Nicolas Sarkozy accumule les contentieux en Europe avec Bruxelles et ses partenaires
LE MONDE | 04.07.07 | 11h00 • Mis à jour le 04.07.07 | 11h01
Bruxelles, bureau européen
Confirmée mardi 3 juillet par François Fillon, la décision de la France de
reporter de 2010 à 2012 le rétablissement de son équilibre budgétaire
suscite un vif malaise à Bruxelles. Nicolas Sarkozy, qui a annoncé sa venue
à la réunion des ministres des finances de l'Eurogroupe, lundi 9juillet, est
attendu avec appréhension.
En dépit de l'accord sur le traité européen, auquel le président français a activement contribué, Paris accumule les contentieux avec les autorités bruxelloises et ses partenaires – sur le pacte de stabilité de la zone euro, la Turquie, la pêche, les paris sportifs.
En outre, les appels du nouveau chef de l'Etat français en faveur d'une Europe assumant un rôle plus protecteur face à la mondialisation divisent les Vingt-Sept : le nouveau gouvernement britannique de Gordon Brown fustige les conceptions de Nicolas Sarkozy, qui espérait nouer une bonne relation avec le successeur de Tony Blair.
La vision très patriotique de la politique industrielle affichée par M.Sarkozy met aussi mal à l'aise les Allemands, avec lesquels il tente de régler l'avenir du groupe EADS et d'Airbus.
En matière budgétaire, le commissaire en charge de l'euro, Joaquin Almunia, a rappelé à plusieurs reprises les engagements pris par Paris. La Commission juge qu'il n'existe aucune raison pour que la France soit autorisée à ralentir le redressement de ses comptes publics, surtout au moment où les autorités françaises demandent une meilleure gouvernance de la zone euro.

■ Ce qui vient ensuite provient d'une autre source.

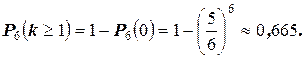. Таким образом, вероятность появления по крайней мере одной «шестерки» при подбрасывании 6-ти игральных костей может быть найдена по формуле: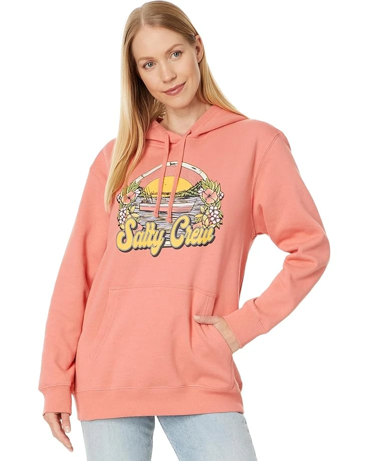 - Stay cozy and stylish on your next adventure by wearing the Salty Crew® On Vacation Pullover Hoodie. This comfy hoodie features a hooded neckline with drawstring, perfect for keeping the chill out. The long sleeves with ribbed cuffs add a touch of warmth, while the straight hemline keeps the look classic.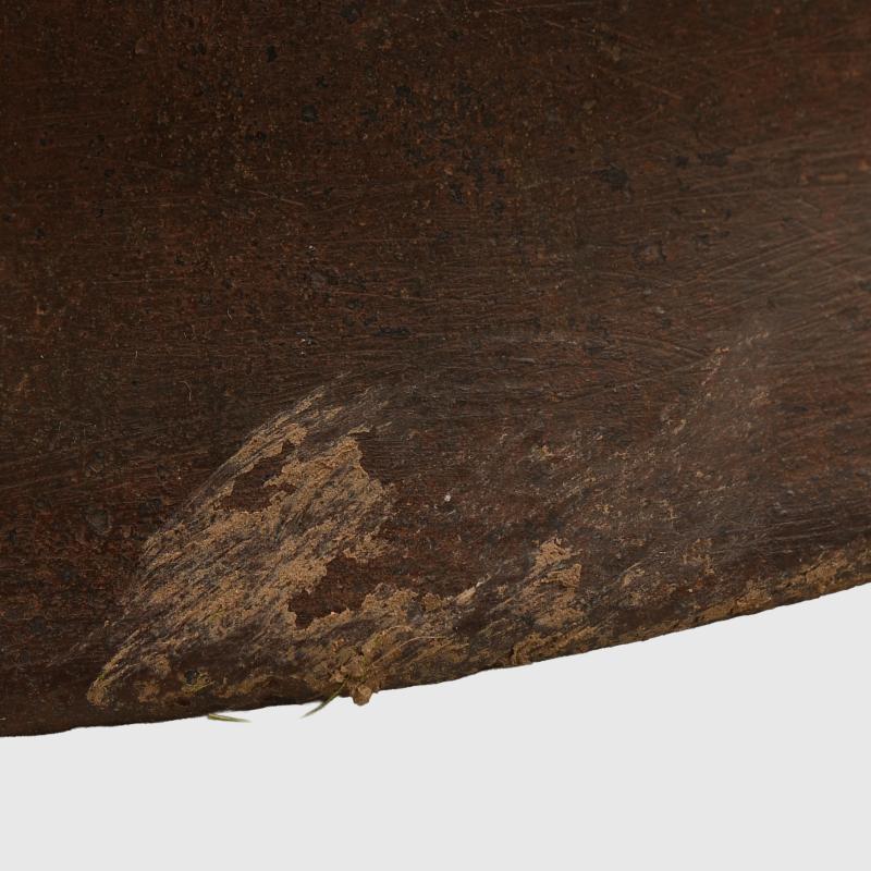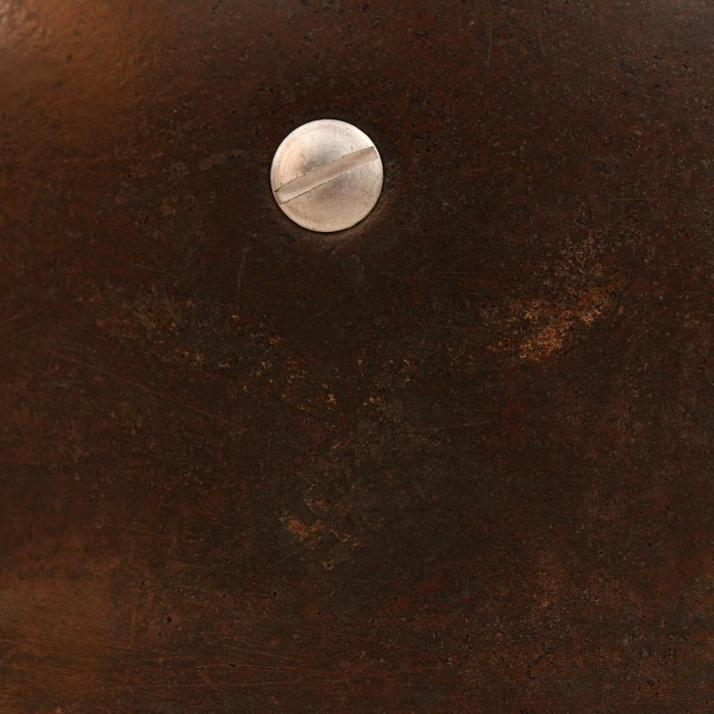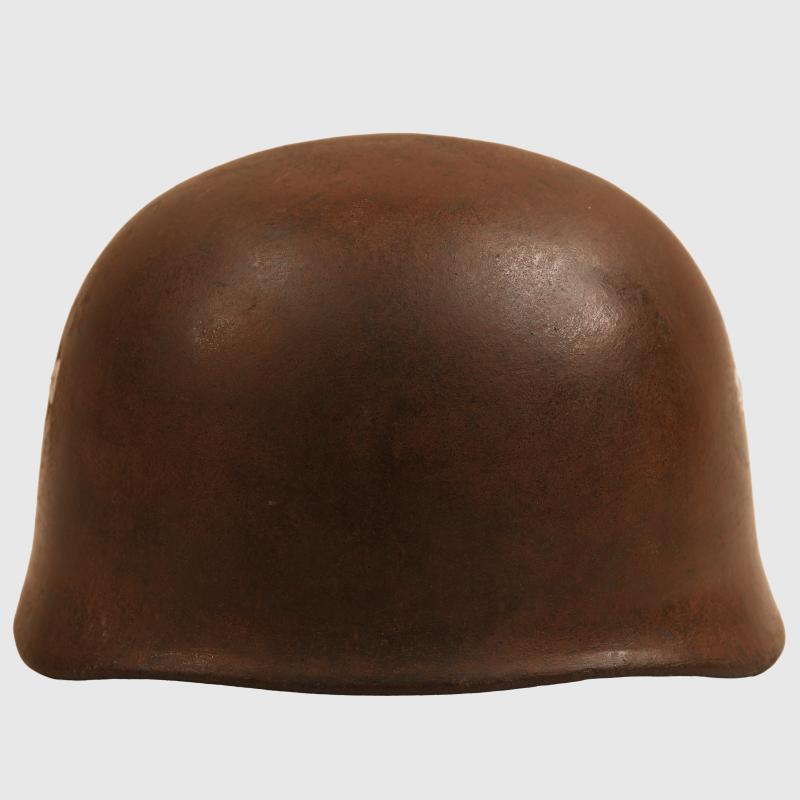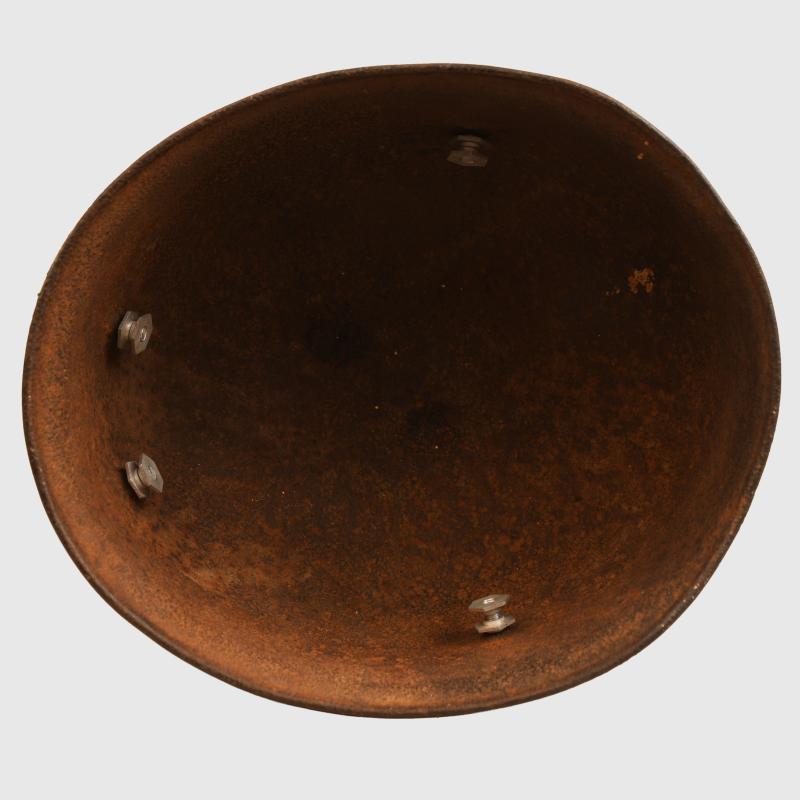 A reasonably nice example of a Luftwaffe paratrooper M.38 helmet shell. The corrosion to the interior of the bowl has obliterated the size stampings. The exterior is generally good with some minor corrosion with its Luftwaffe eagle still visible below a brown/maroon over-paint. A set of four of the late war slotted aluminium screws have been post war fitted. The liner is completely missing.

"LE PROTECTIONNISME EST AUSSI UTILE QUE L'A ÉTÉ LA LIGNE MAGINOT"
La Commission conteste également les critiques de Paris contre l'euro fort. Dans son rapport trimestriel, publié le 3 juillet, elle souligne que "le taux de change ne joue qu'un rôle limité dans les résultats des exportations des pays individuels", notant que la balance commerciale de la France s'est, elle, améliorée vis-à-vis des Etats-Unis mais détériorée vis-à-vis de l'Allemagne. "Il y a donc lieu de chercher ailleurs les causes des résultats décevants de certains membres de la zone euro en matière d'exportations", conclut le rapport.
La suppression, dans le futur traité, à l'insistance de la France, de la référence à la "concurrence libre et non faussée", n'améliore pas non plus l'image des Français. La commissaire à la concurrence, Neelie Kroes, s'est empressée de rappeler que "le protectionnisme est à peu près aussi utile que l'a été la ligne Maginot, il y a près d'un siècle, face à la guerre de mouvement".

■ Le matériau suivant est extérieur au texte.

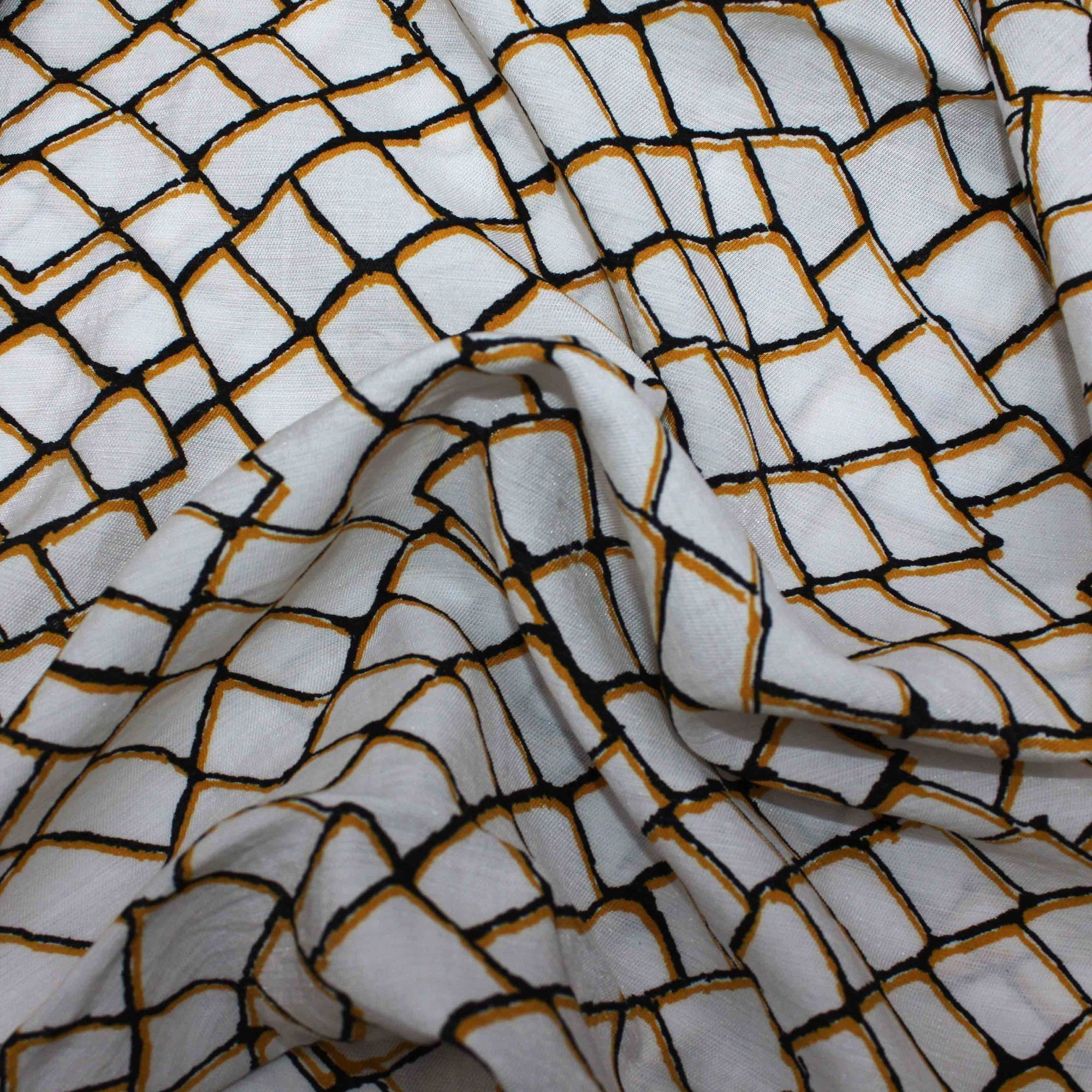 Нейлон вискоза N/R принт/клетка черно-оранжевая на белом VT-10388/D#4/C#1 не использовать! 25 пог/м.
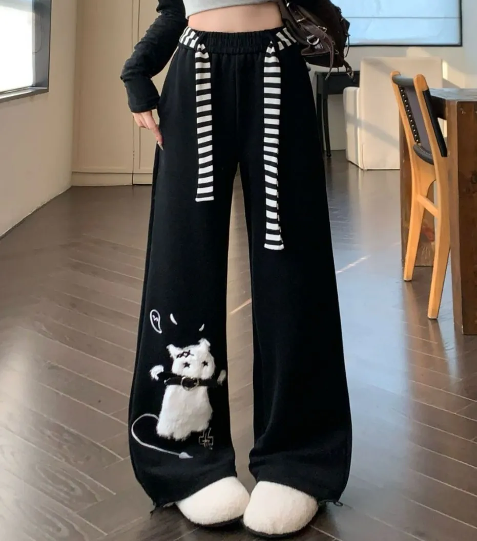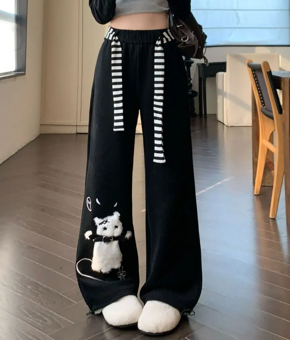 These playful wide-leg sweatpants combine comfort with a touch of whimsy. Designed with a soft cotton-blend fleece, they feature a high-waisted elastic fit and a relaxed silhouette perfect for lounging or casual outings. The standout cat embroidery and contrast stripe detail add a cute, streetwear-inspired flair, making them an easy statement piece for cozy days or expressive everyday style.

M. Sarkozy se heurte aussi à la Commission et à la plupart des autres Etats membres sur les négociations d'adhésion avec la Turquie. La présidence portugaise a courtoisement écarté sa demande d'un débat sur les frontières de l'Union avant la fin de l'année et rappelé son attachement à la poursuite des négociations.
D'autres dossiers durcissent le climat. Comme celui du monopole de la Française des jeux et du PMU dans le domaine des paris sportifs, qui fait l'objet d'une procédure de la Commission, ou de la pêche à la thonaille, dont l'interdiction suscite la colère des pêcheurs de Marseille.
Thomas Ferenczi
Londres dénonce le "patriotisme économique"

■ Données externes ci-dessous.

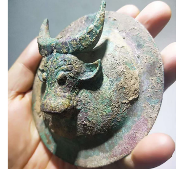 **西周牛头扣首作为青铜礼器的典范,集历史、艺术与宗教价值于一身,堪称商周文明的“活化石”。** 其造型浑厚威严,牛首纹饰兼具写实与神秘色彩,既反映周人“以牲祭天”的礼制传统,又展现青铜铸造技术的巅峰工艺;此类用于祭祀或车马器的青铜构件存世稀少,且多出土于高等级墓葬,具有明确的断代标尺作用。近年来高古青铜器收藏热度攀升,品相完好的带铭文者尤为珍贵,兼具学术研究、艺术审美与资产配置功能,是追溯中华礼乐文明的核心载体。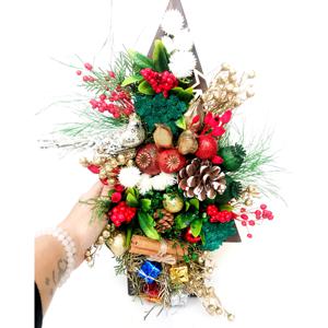 Ahşap özel tasarım kasası içerisinde farklı kuru ve şoklanmış çiçekler, yemişler, kozalaklar kullanılarak oluşturulmuş, şık ve dekoratif bir üründür. İster duvarınıza asabileceğiniz ya da masa veya sehpa üstü değerlendirebileceğiniz ürün el yapımı bir tasarım üründür. Ölçüleri: 43x23 cm dir.
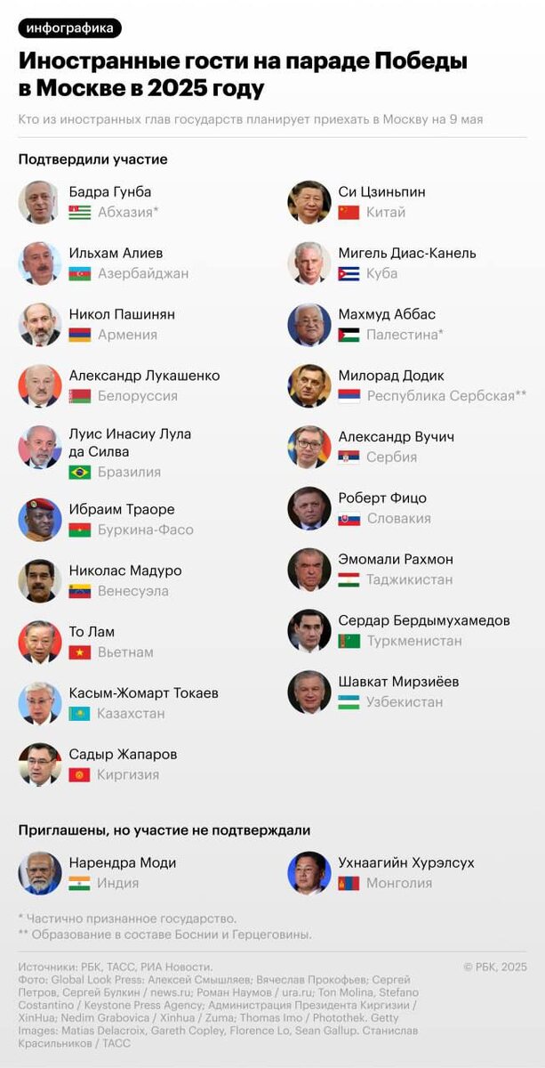 📝 О намерении присутствовать на параде Победы в Москве заявили лидеры 19 стран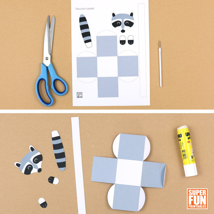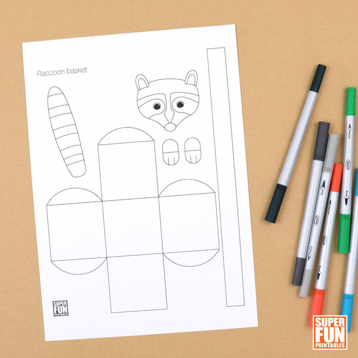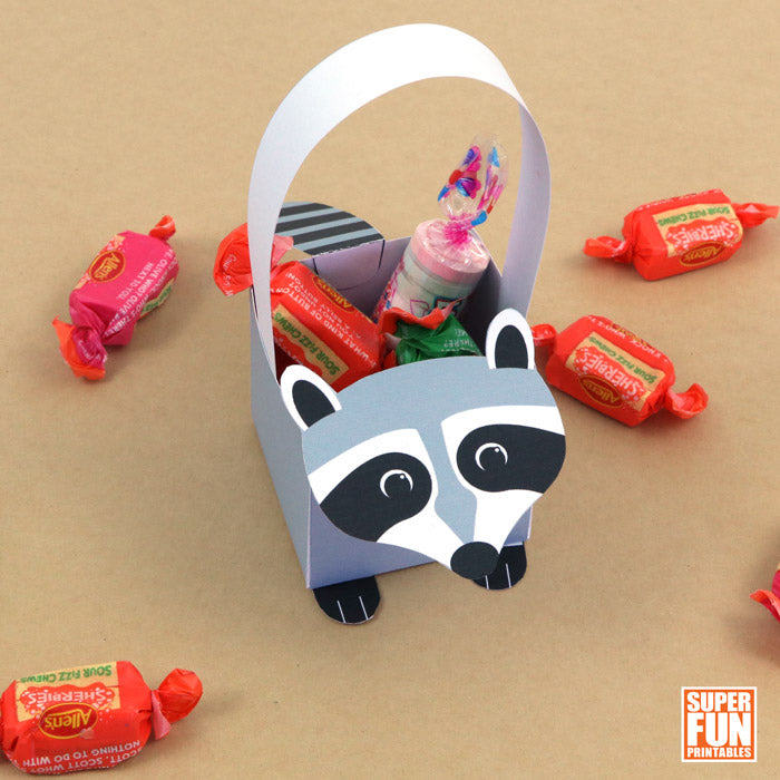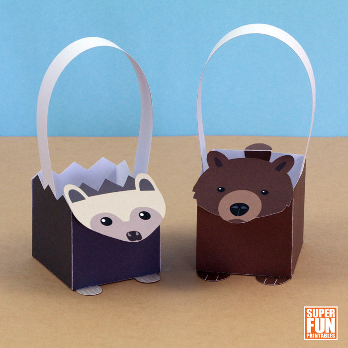 Print and create a set of four woodland animal baskets that are the perfect size to hold a hand full of small treats. The animal templates in the set include a brown bear, fox, raccoon and hedgehog.

Proche du nouveau premier ministre travailliste Gordon Brown, auquel il a succédé comme ministre des finances, Alistair Darling s'en prend avec véhémence, dans le Financial Times du 4 juillet, au "patriotisme économique" de M. Sarkozy.
Il estime qu'il y a une "bataille idéologique en cours en Europe" entre ceux
qui croient ou non au processus de Lisbonne pour moderniser l'économie
européenne.
"Je ne crois pas au patriotisme économique. Je pense que c'est un non-sens. C'est du protectionisme", dit-il en dénonçant la pratique française de défendre ses champions industriels nationaux.